Kaplan also explores “bravery in the workplace”—how employees can share more of themselves with coworkers, who might appreciate their vulnerability. “Human connection triggers the release of various neurochemicals in our brain, such as oxytocin, dopamine, and serotonin,” she writes. “These chemicals play crucial roles in bonding, social reward, and feelings of happiness and well-being.”
But she warns that people shouldn’t necessarily try to “fit in”—which can mean hiding your true self. Some employees are “ducking,” she says—appearing calm on the surface but struggling underneath.

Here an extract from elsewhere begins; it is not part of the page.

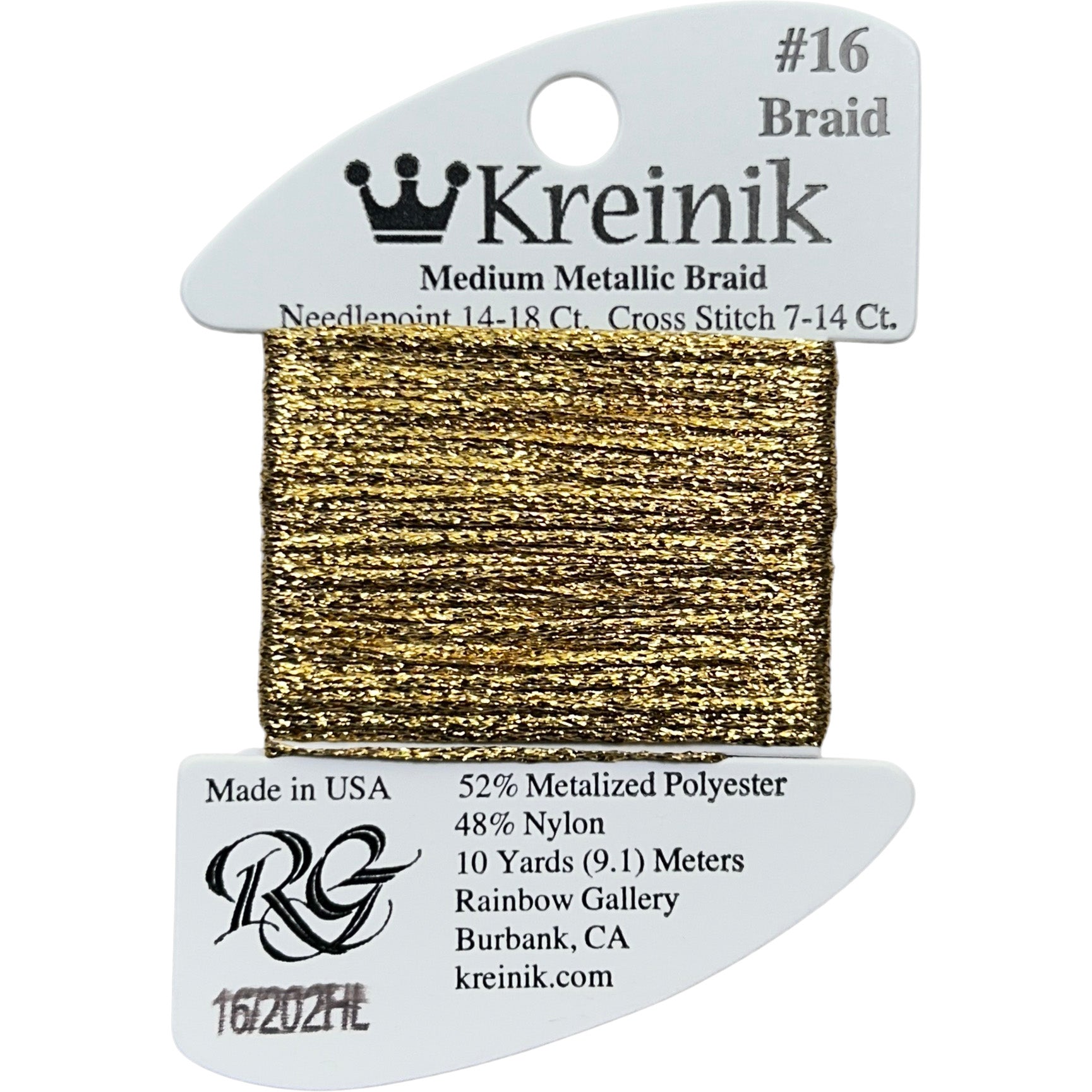 Rainbow Gallery Kreinik Medium Braid #16 - 0202HL Aztec Gold High Lustre
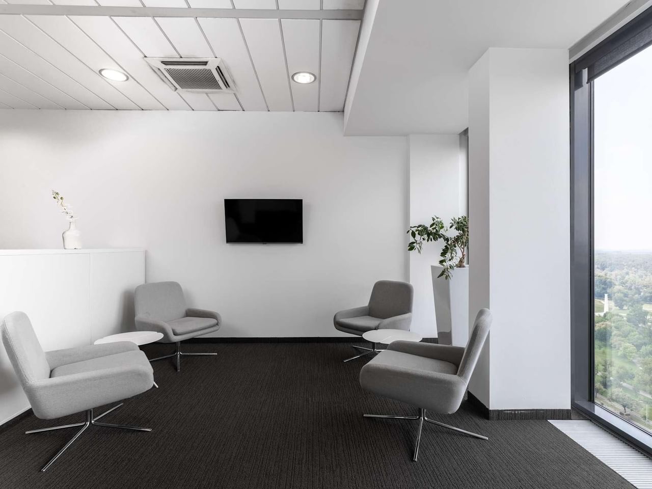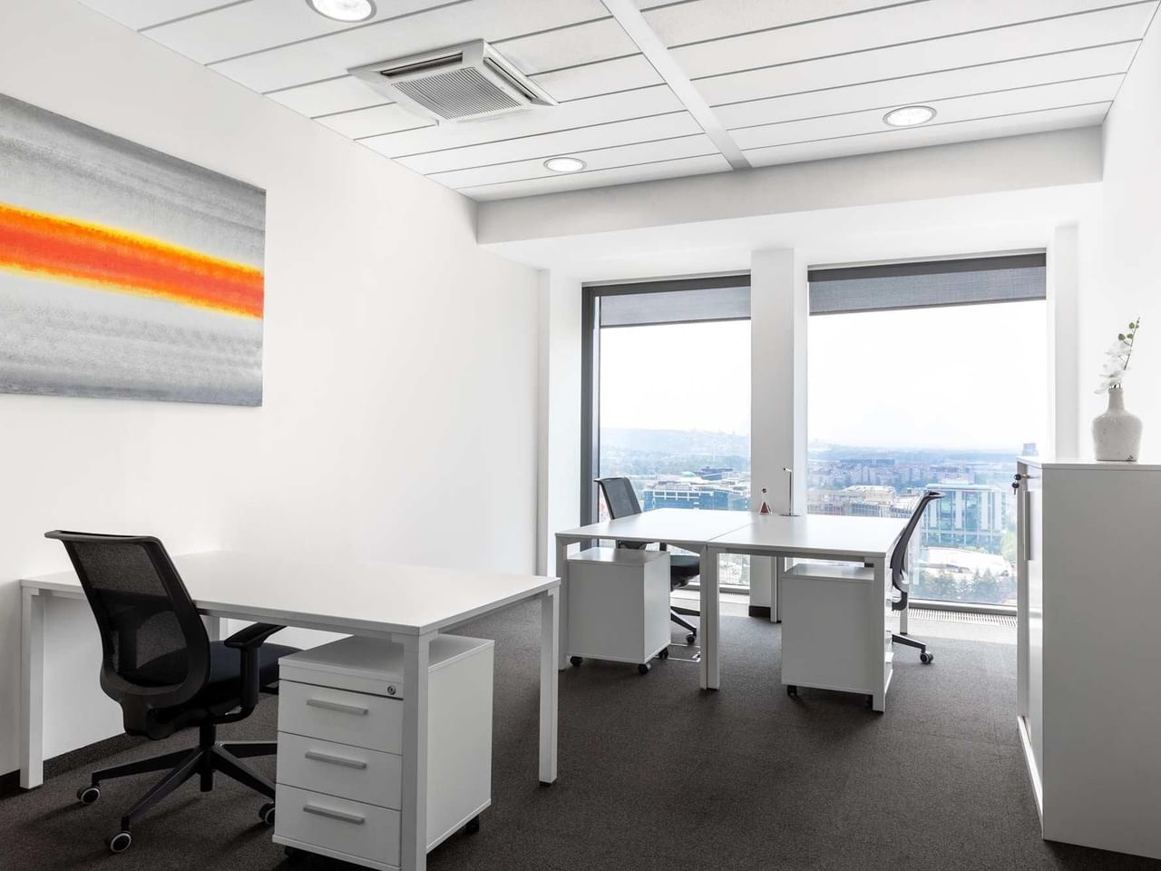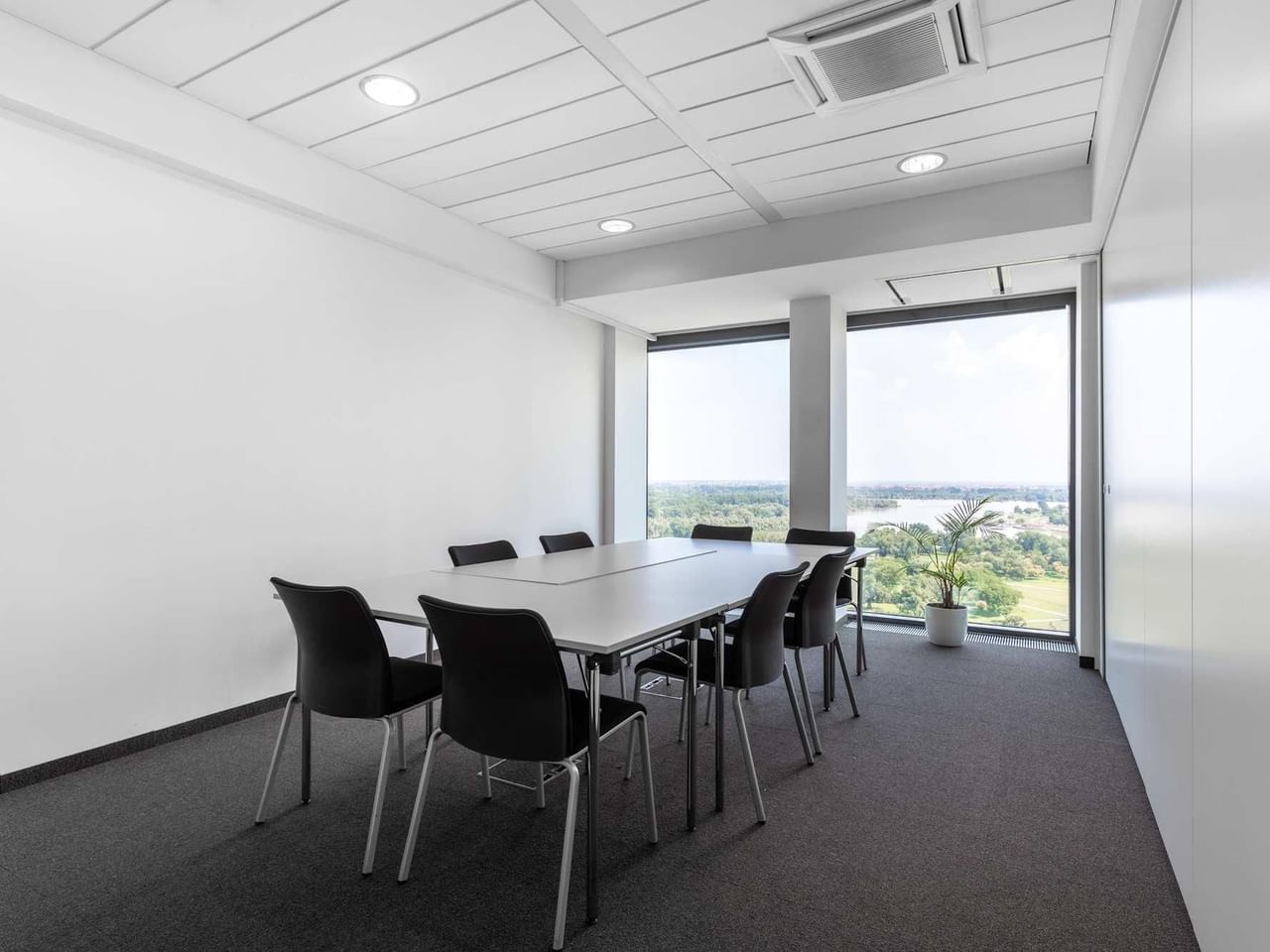 Kommen Sie hier zur Arbeit und lassen Sie sich von der atemberaubenden Aussicht auf das Stadtbild und die umliegenden Grünflächen inspirieren.

Kaplan has seen the workplace evolve, with younger generations demanding a better work-life balance. “This generation is holding the workplace accountable,” she says. “A sense of belonging used to come from religious institutions, community, family. We used to spend less hours at the workplace. Some employers make the workplace the main destination for belonging. If you’re going to do that, you better be prepared to deal with employees’ mental health.”
Now that the book is out, Kaplan is looking forward to giving talks at book clubs, on podcasts, and in workplaces—particularly about “being yourself in a world that tells you every day to be someone different.”
“Organizations have a unique opportunity in front of them now,” she says. “They can create an environment that encourages individuals to be authentic, take risks, and express their ideas openly.”